Incremental prognostic value of ABCDE positivity. The incremental value of ABCDE on global X  ² for predicting all-cause death was non-significant for step A (after considering clinical variables) and step C (after considering step B) and significant for steps B, D, and E. LVEF, left ventricular ejection fraction. NS, •••.

Adding ABCDE-SE, risk reclassification was significantly improved with net reclassification index: 23.4% (95% CI 0.26–46.5%; P = 0.048). Integrated discrimination index was 0.51% (95% CI 0.01–0.94%; P = 0.020).

Discussion

A higher ABCDE-SE score indicates a less benign outcome. The risk is extremely low when all biomarkers are normal. In the individual biomarker analysis, the more established step A is also the less useful, outperformed by steps B, C, D and E for predicting all-cause death. Prognostically meaningful indices such as HRR and B lines are also very simple to obtain and analyse. Step B requires basic 2D technology and a minimal training, acquisition, and analysis time. Step E is imaging independent and automatically read in real time on the monitor of the echocardiographic machine. The value of ABCDE approach is coherent with the current understanding of the pathophysiological complexity of CAD. The individual patient with CAD may have multiple vulnerabilities, which are ignored, and missed, by the conventional step A approach. With ABCDE, the focus is shifted from coronary stenoses to the patient as a whole, with a simultaneous assessment of multiple vulnerabilities, from coronary microvascular dysfunction¹⁹ to cardiac autonomic unbalance.²⁰ It is conceivable that an SE-driven tailored therapy might be effective in improving prognosis through targeted efforts against the abnormal steps, which may trigger specific countermeasures. ABCDE-SE changes the binary step A response in a refined stratification of the overall level of risk, with a better identification of the prevailing phenotype coming into play in a specific patient.
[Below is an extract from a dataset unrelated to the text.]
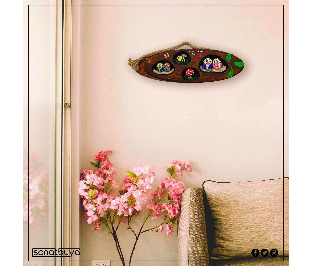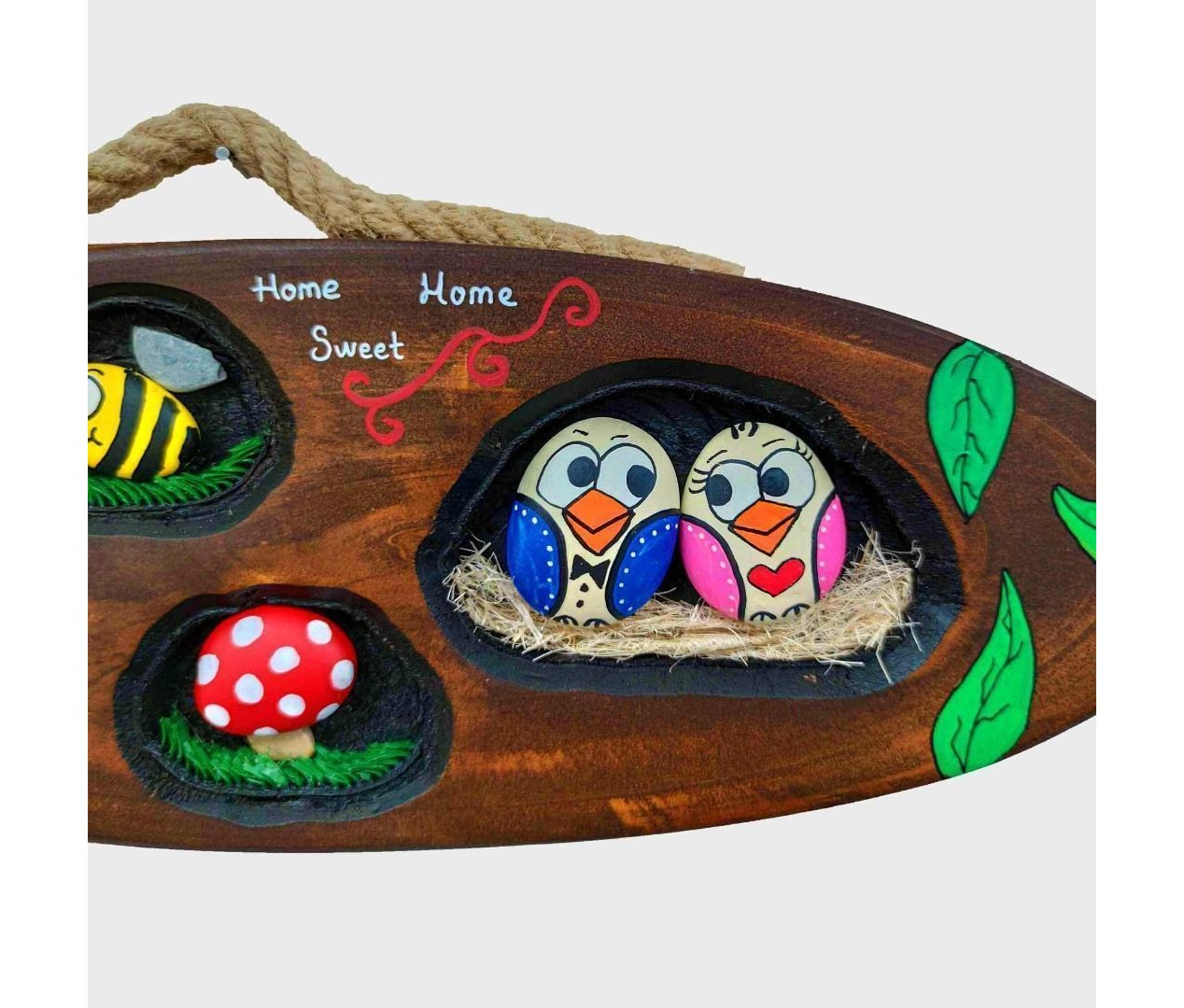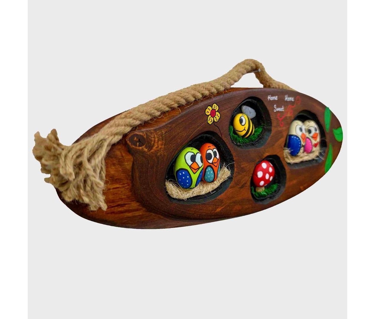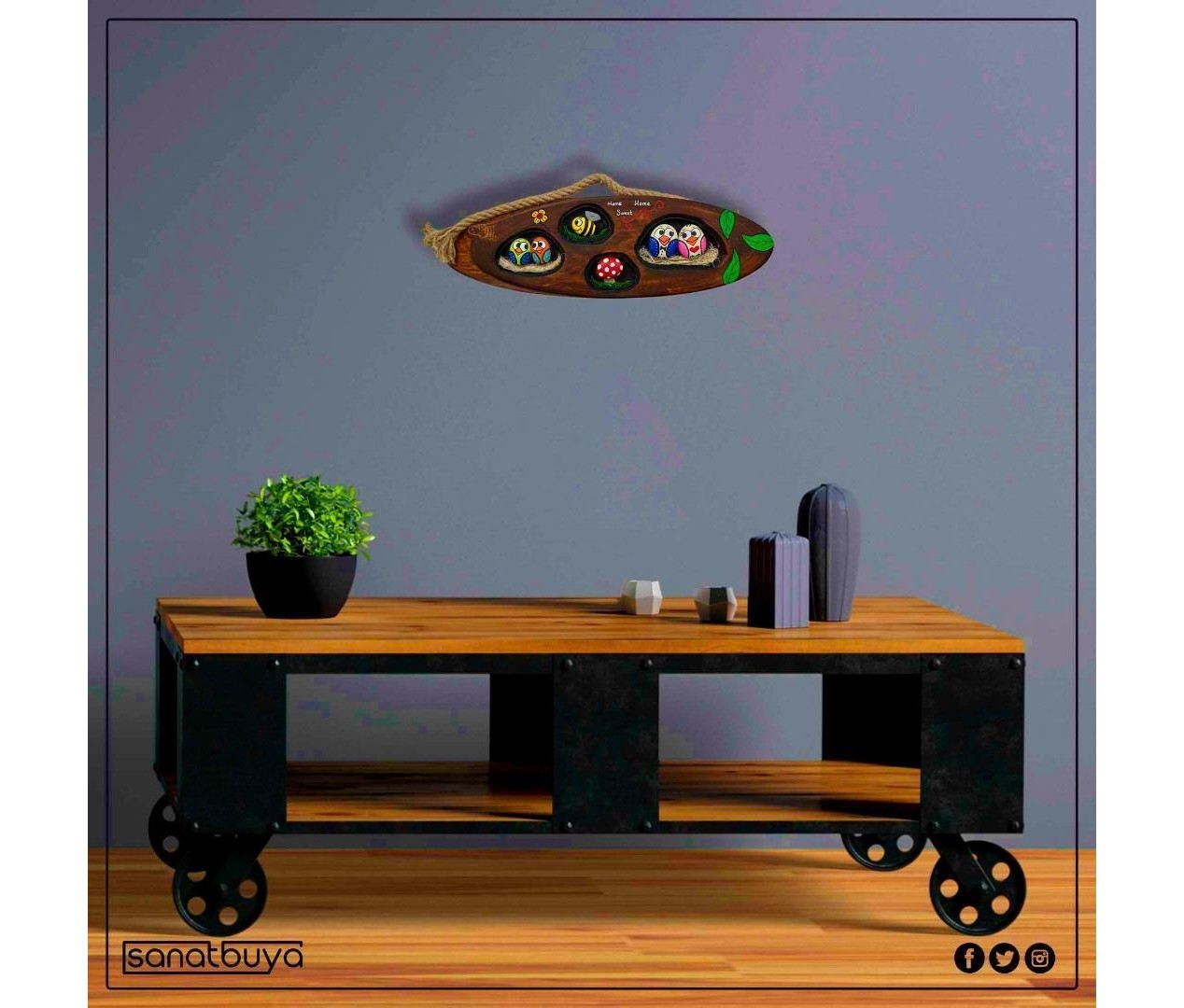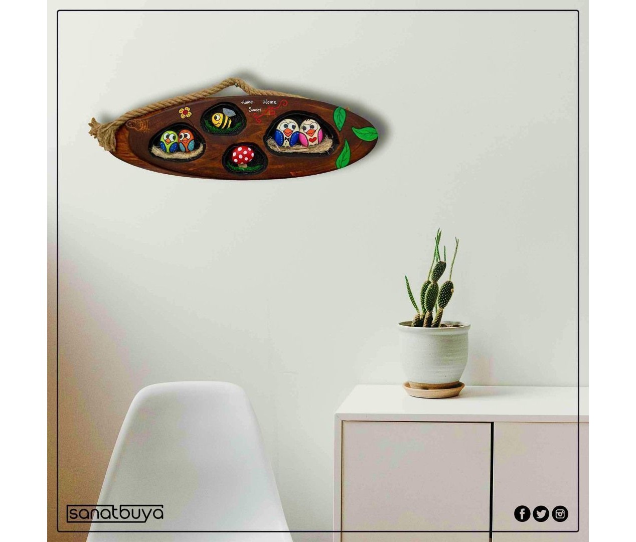 Kütük Taş Tablo (Kestane Renk) 4 Yuvalı 2 Çocuklu Arı Ve Mantarlı

Comparison with previous studies

The findings of the present study are consistent with previous reports showing the diagnostic and prognostic values of step B,^{5  ,  21} step C,⁶ step D,^{8  ,  22} and step E^9–11 separately performed. The low positivity rate with ischaemia by SE or myocardial perfusion imaging has been observed in recent years, possibly due to a change in population characteristics.²³ The prognostic value of various steps has also been extensively shown to be additive to stress-induced RWMA for step B,⁵ step C,⁶ step D,⁸ and step E.²⁴ Step D offers independent information beyond steps A, C, and E.^{8  ,  24} The results of the present study confirm and extend previous evidence since all steps were simultaneously assessed in the same population allowing a separate analysis for all-cause death.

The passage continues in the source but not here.